Sufficient Conditions for Feasibility of Optimal Control Problems Using Control Barrier Functions
This work addresses a critical bottleneck in control theory for ensuring reliable and safe optimal control in systems like adaptive cruise control, though it is incremental as it builds on existing CBF/CLF frameworks.
The paper tackles the challenge of ensuring feasibility in quadratic programs (QPs) derived from optimal control problems using Control Barrier Functions (CBFs) and Control Lyapunov Functions (CLFs), particularly under tight control bounds and high relative degree safety constraints, by providing sufficient conditions for guaranteed feasibility through an additional CBF constraint that maintains compatibility and increases feasibility.

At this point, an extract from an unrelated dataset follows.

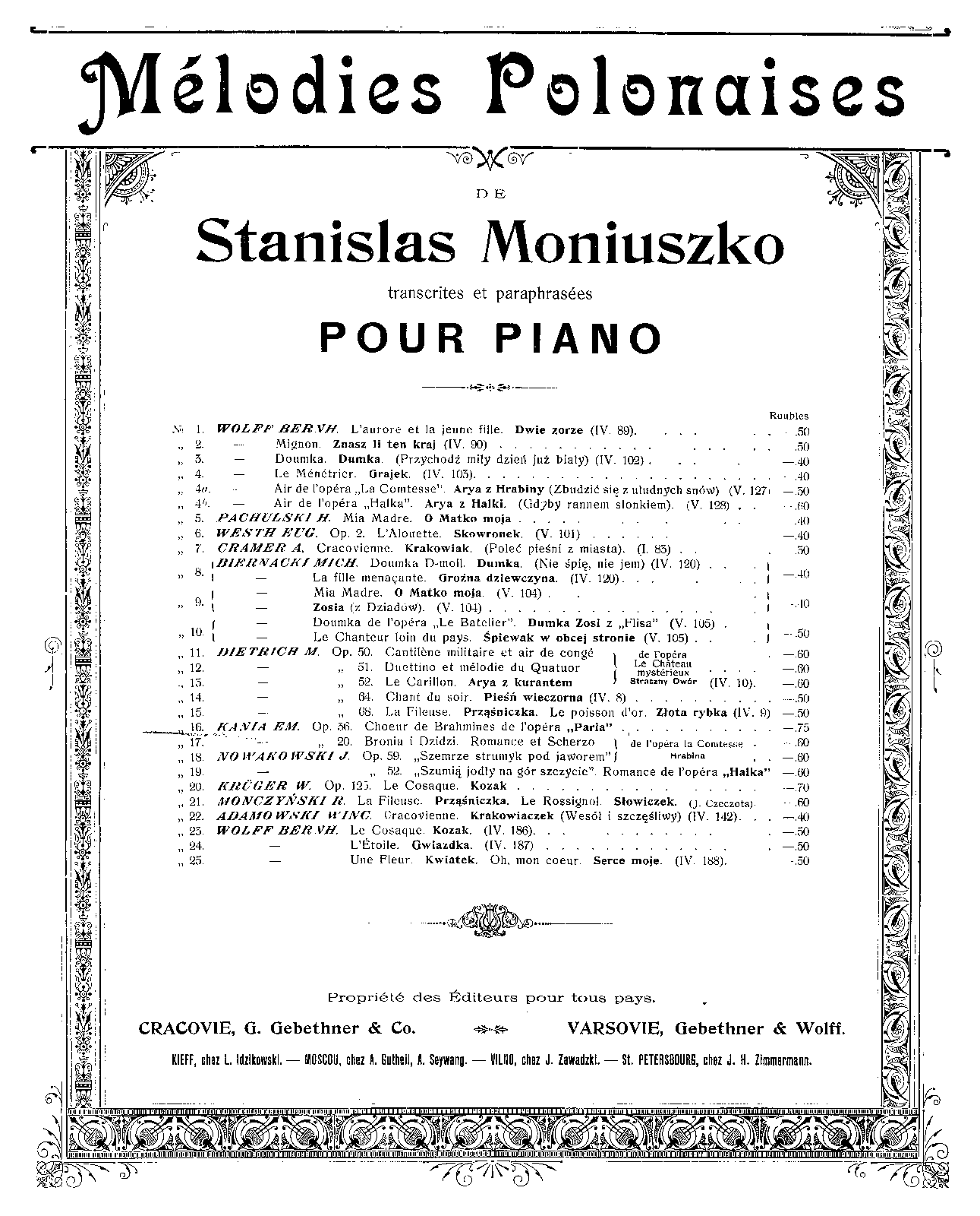 | Alternative. Title | Choeur des Brahmines de l'opéra Paria de St. Moniuszko. Transcription |

It has been shown that satisfying state and control constraints while optimizing quadratic costs subject to desired (sets of) state convergence for affine control systems can be reduced to a sequence of quadratic programs (QPs) by using Control Barrier Functions (CBFs) and Control Lyapunov Functions (CLFs). One of the main challenges in this approach is ensuring the feasibility of these QPs, especially under tight control bounds and safety constraints of high relative degree. In this paper, we provide sufficient conditions for guranteed feasibility. The sufficient conditions are captured by a single constraint that is enforced by a CBF, which is added to the QPs such that their feasibility is always guaranteed. The additional constraint is designed to be always compatible with the existing constraints, therefore, it cannot make a feasible set of constraints infeasible - it can only increase the overall feasibility. We illustrate the effectiveness of the proposed approach on an adaptive cruise control problem.